Below is a set of records, and all of them should be retyped exactly, minus the pictures.

Stored entries:

------------------------------------------------

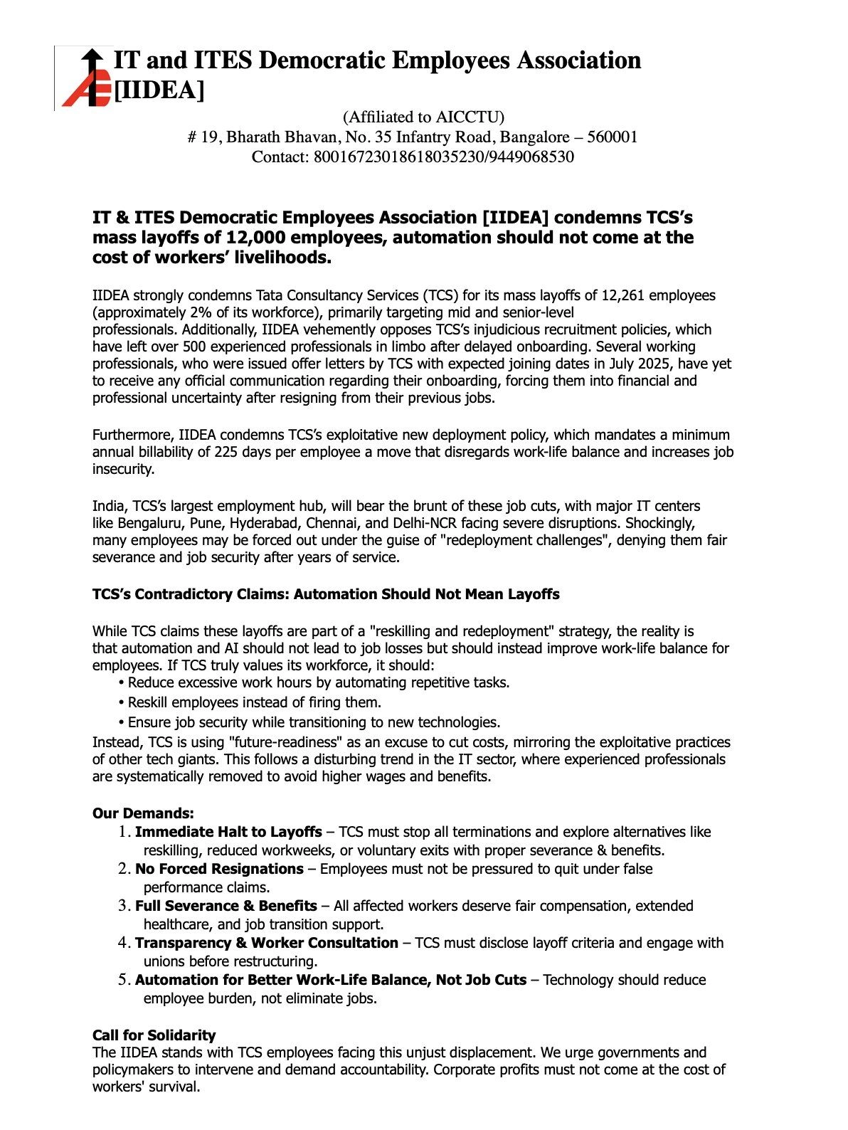 IT & ITES Democratic Employees Association (IIDEA) condemns TCS’s mass layoffs of 12,000 employees, automation should not come at the cost of workers’ livelihoods. Our Demands: Immediate Halt to Layoffs–TCS must stop all terminations and explore alternatives like reskilling, reduced workweeks, or voluntary exits with proper severance & benefits. No Forced Resignations – Employees must not be pressured to quit under false performance claims. Full Severance & Benefits – All affected workers deserve fair compensation, extended healthcare, and job transition support. Transparency & Worker Consultation – TCS must disclose layoff criteria and engage with unions before restructuring. Call for Solidarity The IIDEA stands with TCS employees facing this unjust displacement. We urge governments and policymakers to intervene and demand accountability. Corporate profits must not come at the cost of workers’ survival. Automation for Better Work-Life Balance, Not Job Cuts – Technology should reduce employee burden, not eliminate jobs.
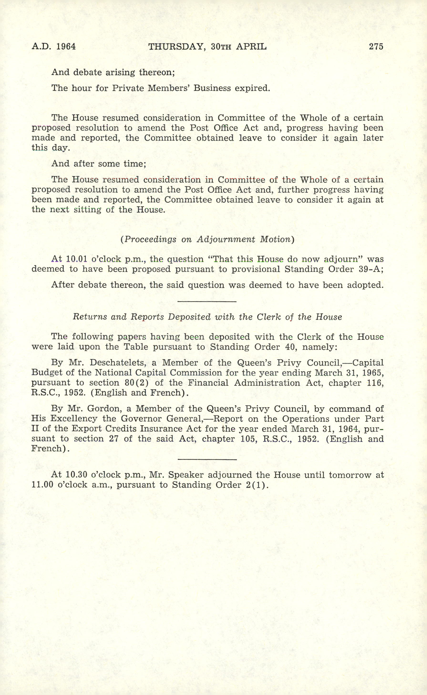 « House of Commons Journals, 26th Parliament, 2nd Session
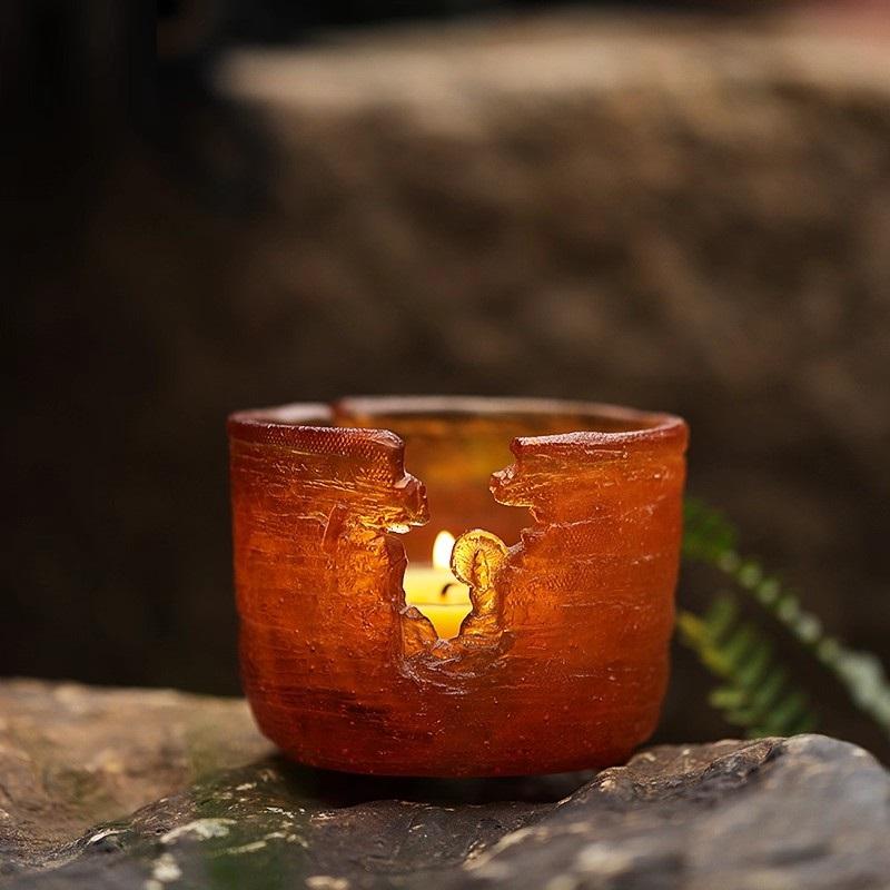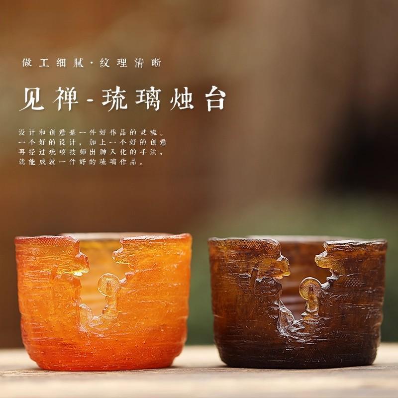 从材质上看,古法琉璃晶莹剔透,在光线的映照下,散发出温润而迷人的光泽。其内部似有云雾流动,又藏着星星点点的气泡,这些天然形成的纹理和气泡,就像是大自然赋予的独特印记,每一处都独一无二,为见禅烛台增添了几分神秘的色彩。
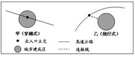 小题1:分析两种模式的高速公路对城市建成区的影响,可知
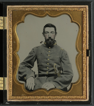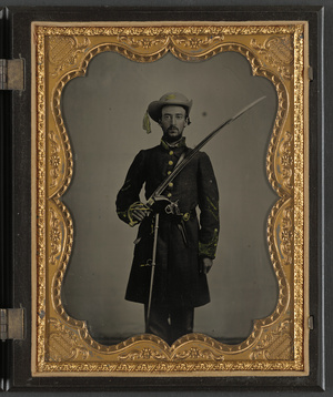 Unidentified soldier in Confederate uniform and derby hat with sword
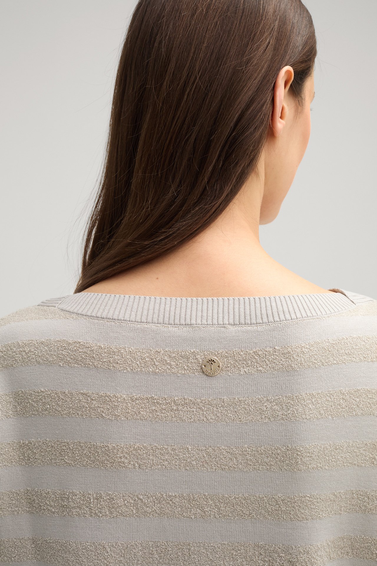 The Kady knitted shirt in a viscose knit with monochrome stripes boasts a textured design and stylish flair. The boat neck and dropped shoulders add a feminine finish. Elasticated ribbed cuffs complete the piece.
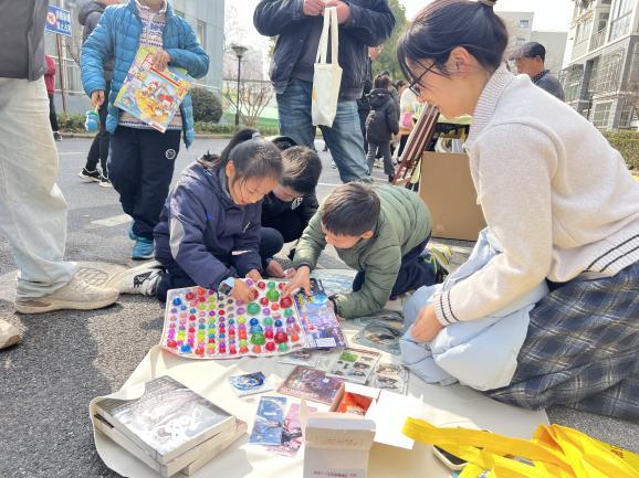 市场成果丰硕,回收了近280本旧书和13公斤左右的空瓶子。居民陈女士说,这样的“小而精”活动很有意义,因为她刚带着孩子看完《哪吒2》,没想到他在这里比在电影院还开心。如今,儿童教育在书本之外的“课堂”越来越丰富。今年,孩子们还参加了新虹街道的爱心寒托班,在现场看到了许多“老熟人”志愿者老师。

------------------------------------------------

Exercise solution
 IT & ITES Democratic Employees Association (IIDEA) condemns TCS’s mass layoffs of 12,000 employees, automation should not come at the cost of workers’ livelihoods. Our Demands: Immediate Halt to Layoffs–TCS must stop all terminations and explore alternatives like reskilling, reduced workweeks, or voluntary exits with proper severance & benefits. No Forced Resignations – Employees must not be pressured to quit under false performance claims. Full Severance & Benefits – All affected workers deserve fair compensation, extended healthcare, and job transition support. Transparency & Worker Consultation – TCS must disclose layoff criteria and engage with unions before restructuring. Call for Solidarity The IIDEA stands with TCS employees facing this unjust displacement. We urge governments and policymakers to intervene and demand accountability. Corporate profits must not come at the cost of workers’ survival. Automation for Better Work-Life Balance, Not Job Cuts – Technology should reduce employee burden, not eliminate jobs.
 « House of Commons Journals, 26th Parliament, 2nd Session
 从材质上看,古法琉璃晶莹剔透,在光线的映照下,散发出温润而迷人的光泽。其内部似有云雾流动,又藏着星星点点的气泡,这些天然形成的纹理和气泡,就像是大自然赋予的独特印记,每一处都独一无二,为见禅烛台增添了几分神秘的色彩。
 小题1:分析两种模式的高速公路对城市建成区的影响,可知
 Unidentified soldier in Confederate uniform and derby hat with sword
 The Kady knitted shirt in a viscose knit with monochrome stripes boasts a textured design and stylish flair. The boat neck and dropped shoulders add a feminine finish. Elasticated ribbed cuffs complete the piece.
 市场成果丰硕,回收了近280本旧书和13公斤左右的空瓶子。居民陈女士说,这样的“小而精”活动很有意义,因为她刚带着孩子看完《哪吒2》,没想到他在这里比在电影院还开心。如今,儿童教育在书本之外的“课堂”越来越丰富。今年,孩子们还参加了新虹街道的爱心寒托班,在现场看到了许多“老熟人”志愿者老师。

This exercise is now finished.